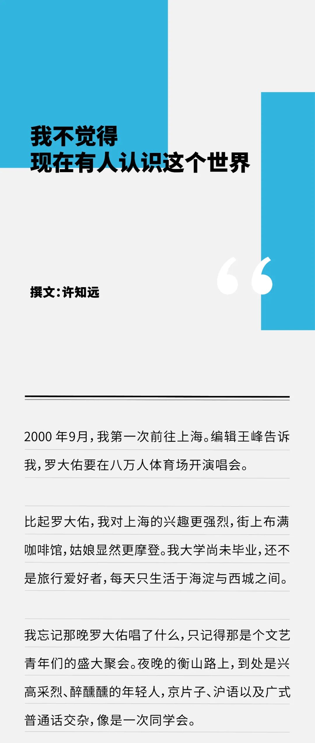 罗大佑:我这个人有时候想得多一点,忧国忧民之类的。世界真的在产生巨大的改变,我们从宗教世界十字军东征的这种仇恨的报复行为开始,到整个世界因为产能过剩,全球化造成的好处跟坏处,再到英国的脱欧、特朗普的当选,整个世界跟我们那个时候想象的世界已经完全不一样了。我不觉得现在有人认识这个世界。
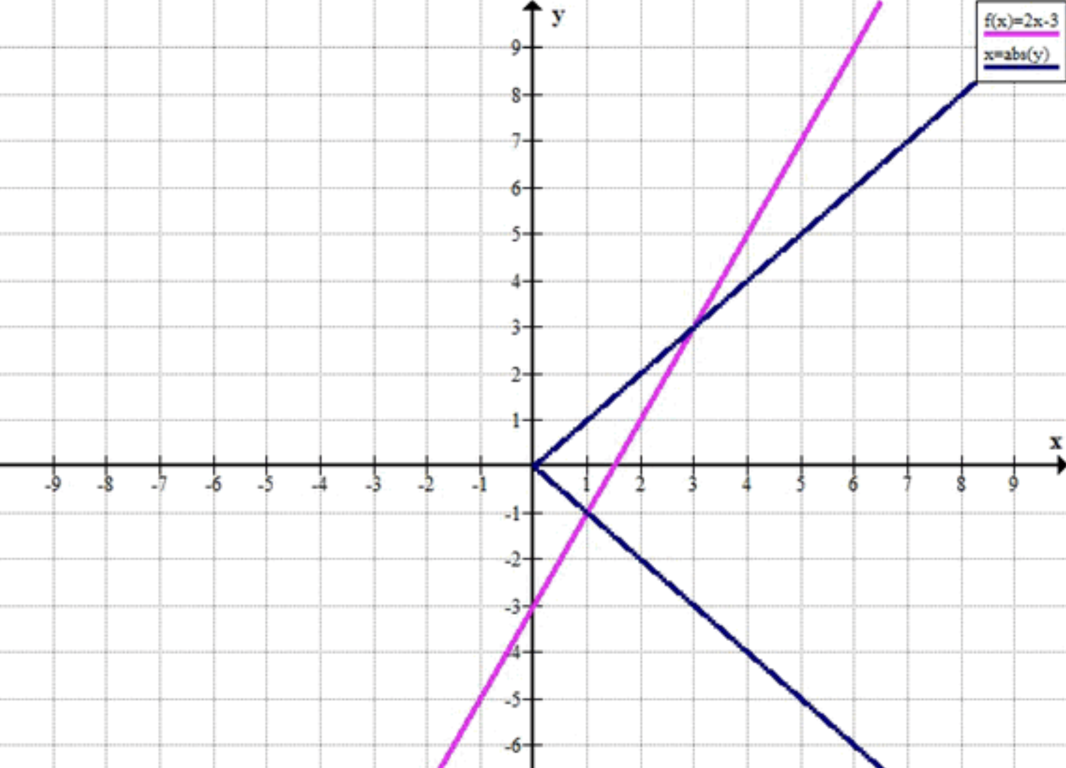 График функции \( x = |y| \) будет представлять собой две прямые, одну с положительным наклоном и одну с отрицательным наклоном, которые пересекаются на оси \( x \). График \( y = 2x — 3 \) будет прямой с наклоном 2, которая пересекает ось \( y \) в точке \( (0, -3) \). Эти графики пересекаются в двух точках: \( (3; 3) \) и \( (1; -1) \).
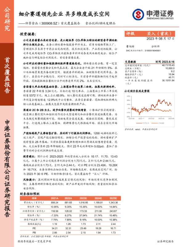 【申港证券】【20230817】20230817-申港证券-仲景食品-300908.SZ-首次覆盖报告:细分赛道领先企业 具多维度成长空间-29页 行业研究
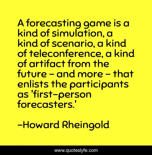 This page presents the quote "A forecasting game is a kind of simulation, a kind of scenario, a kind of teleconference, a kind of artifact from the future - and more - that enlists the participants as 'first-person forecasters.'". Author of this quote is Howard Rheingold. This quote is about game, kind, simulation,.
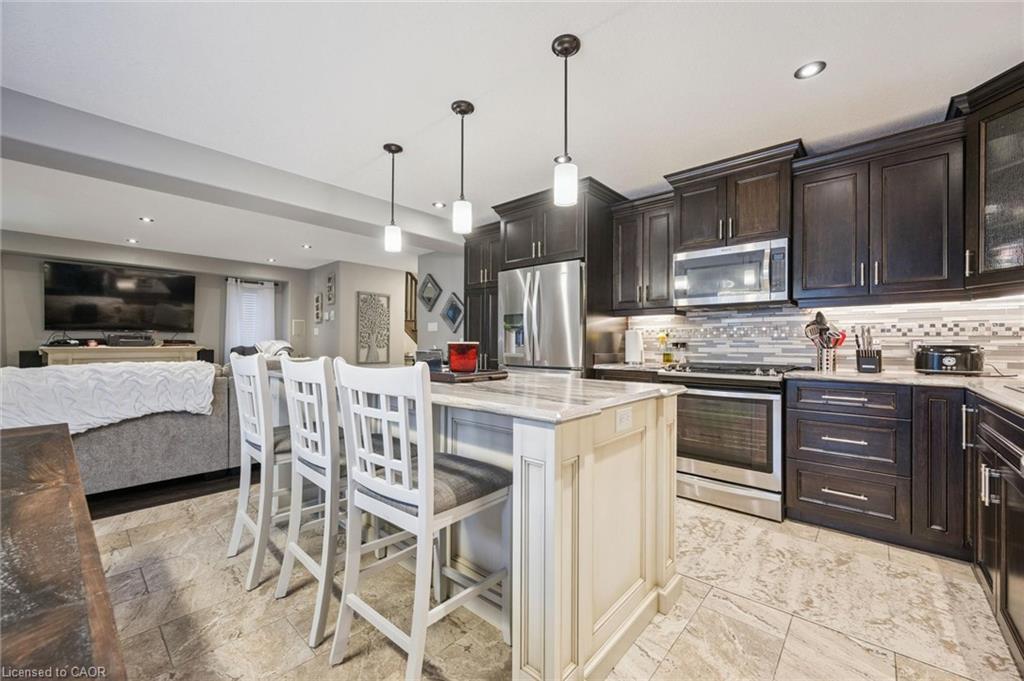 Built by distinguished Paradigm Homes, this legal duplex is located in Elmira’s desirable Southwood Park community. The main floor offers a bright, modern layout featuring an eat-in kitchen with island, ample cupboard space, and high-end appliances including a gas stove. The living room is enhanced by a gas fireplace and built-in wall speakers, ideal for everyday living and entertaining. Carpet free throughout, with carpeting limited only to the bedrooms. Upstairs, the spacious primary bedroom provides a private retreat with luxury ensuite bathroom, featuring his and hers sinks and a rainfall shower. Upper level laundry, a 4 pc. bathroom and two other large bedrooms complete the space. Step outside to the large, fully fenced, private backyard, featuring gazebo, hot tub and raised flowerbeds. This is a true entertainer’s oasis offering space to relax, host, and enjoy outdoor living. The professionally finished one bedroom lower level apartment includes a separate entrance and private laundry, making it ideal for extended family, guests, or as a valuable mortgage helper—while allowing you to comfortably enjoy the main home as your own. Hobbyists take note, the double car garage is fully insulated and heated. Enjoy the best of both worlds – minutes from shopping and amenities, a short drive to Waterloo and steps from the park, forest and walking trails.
+++
Directions for this task
Nothing in the records should be changed in the copy, but the pictures must be left out.

Task result
 罗大佑:我这个人有时候想得多一点,忧国忧民之类的。世界真的在产生巨大的改变,我们从宗教世界十字军东征的这种仇恨的报复行为开始,到整个世界因为产能过剩,全球化造成的好处跟坏处,再到英国的脱欧、特朗普的当选,整个世界跟我们那个时候想象的世界已经完全不一样了。我不觉得现在有人认识这个世界。
 График функции \( x = |y| \) будет представлять собой две прямые, одну с положительным наклоном и одну с отрицательным наклоном, которые пересекаются на оси \( x \). График \( y = 2x — 3 \) будет прямой с наклоном 2, которая пересекает ось \( y \) в точке \( (0, -3) \). Эти графики пересекаются в двух точках: \( (3; 3) \) и \( (1; -1) \).
 【申港证券】【20230817】20230817-申港证券-仲景食品-300908.SZ-首次覆盖报告:细分赛道领先企业 具多维度成长空间-29页 行业研究
 This page presents the quote "A forecasting game is a kind of simulation, a kind of scenario, a kind of teleconference, a kind of artifact from the future - and more - that enlists the participants as 'first-person forecasters.'". Author of this quote is Howard Rheingold. This quote is about game, kind, simulation,.
 Built by distinguished Paradigm Homes, this legal duplex is located in Elmira’s desirable Southwood Park community. The main floor offers a bright, modern layout featuring an eat-in kitchen with island, ample cupboard space, and high-end appliances including a gas stove. The living room is enhanced by a gas fireplace and built-in wall speakers, ideal for everyday living and entertaining. Carpet free throughout, with carpeting limited only to the bedrooms. Upstairs, the spacious primary bedroom provides a private retreat with luxury ensuite bathroom, featuring his and hers sinks and a rainfall shower. Upper level laundry, a 4 pc. bathroom and two other large bedrooms complete the space. Step outside to the large, fully fenced, private backyard, featuring gazebo, hot tub and raised flowerbeds. This is a true entertainer’s oasis offering space to relax, host, and enjoy outdoor living. The professionally finished one bedroom lower level apartment includes a separate entrance and private laundry, making it ideal for extended family, guests, or as a valuable mortgage helper—while allowing you to comfortably enjoy the main home as your own. Hobbyists take note, the double car garage is fully insulated and heated. Enjoy the best of both worlds – minutes from shopping and amenities, a short drive to Waterloo and steps from the park, forest and walking trails.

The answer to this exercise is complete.